And they had already called it a conspiracy theory.
Nobody knew where it came from.
They just knew that it could not have possibly come from the lab in Wuhan, which studies coronaviruses and has a history of leaking viruses out of its lab.
But You know, there again, you have to think, why would they not just consider it?
Why not just be open-minded about this theory that had already been considered credible by leading scientists, but they shut it down and they shut it down for basically two years.
They were going after it, calling it a conspiracy theory, a fringe theory, racist.
That was probably the most damaging of the accusations.
If you had the audacity to explore this idea, you were a racist, so you better not do it.
And I think that's very indicative of the real motivation.
Yes, there's quite a lot of that sort of race baiting that goes on in the New York Times these days, isn't there, and has done for at least the last decade.
Now, I generally recall the worst recent examples of what journalists plagiarizing or making stuff up or something.
Remind me of those.
There was an incident with a podcast series called Caliphate, which was, they were caught fabricating some of the facts and the sourcing.
And, you know, there was also one of the most famous cases of the modern era was that of Jason Blair, He was a young African American reporter for the Times, sort of a rising star.
And he just made up stories left, right and center.
A lot of those stories were about what he was claiming to be the effects of the Iraq war.
And we're talking about effects of the Iraq war, the second Iraq war.
A week or two into the war, he was saying that these soldiers were coming back broken and psychologically traumatized and whatever else he was trying to prove.
And then after they found out he was just lying and making all this stuff up, people went and interviewed the same soldiers.
And they're like, no, I'm actually okay.
I mean, you know, they had challenges, but they were fine.
So this is again where you see that they were willing to give this kid who had already been flagged as being very problematic, this young guy, giving him front page stories on articles that he could not possibly logistically have reported, because if you look at the dates and the times that he claimed to interview people, it's just physically not possible.
But they were so invested in the narrative.
That they just closed their eyes and jumped.
And again, that's really where the danger lies, is that they're so invested in a narrative that the truth goes out the window.

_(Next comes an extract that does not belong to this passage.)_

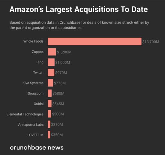 尽管收购全食超市是亚马逊迄今最大的一笔交易,但它肯定不是亚马逊收购的唯一一家零售公司。其他交易还包括亚马逊收购Quidsi (Diapers.com和Soap.com的母公司)、鞋类和服装零售商Zappos以及中东电子商务网站Souq.com。

What I don't get is why, after a well-publicized instance like that, Why people still take the newspaper seriously?
Surely, hasn't it reached sort of peak stupid right by now?
Surely we live in a world where no one looks at the New York Times and thinks it's a respectable paper of record.
It's an ecosystem.
It's one that there's mutual incentives among institutions like the New York Times and the Pulitzer Prize, as an example, and Oprah, who is now doing a TV and movie, a TV series and movie about the 1619 Project.
It's a system of interlocking interests, and that keeps it afloat.
That sort of maintains its power.
But I think among readers, I mean, I've been getting countless emails from Self-described lifelong readers of the New York Times who tell me they had cancelled their subscription.
I, you know, this year, last year, recent years, because it had just gone off off of the rails.
And I even a friend of mine, a writer named Jenny Holland.
Who an Irish writer who worked at the Times and who revered the New York Times when she worked there.
She said she says now she can't even open the newspaper.
It's just she sees just lies and agenda and narrative.
So I do think that it's shifting and I think people are peeling away from.
Newspapers and news outlets like the New York Times, where, you know, once upon a time, it would be the entire country virtually reading, let's say, the top 10 newspapers and watching three news broadcasts.
Whereas today, it's very much fragmented.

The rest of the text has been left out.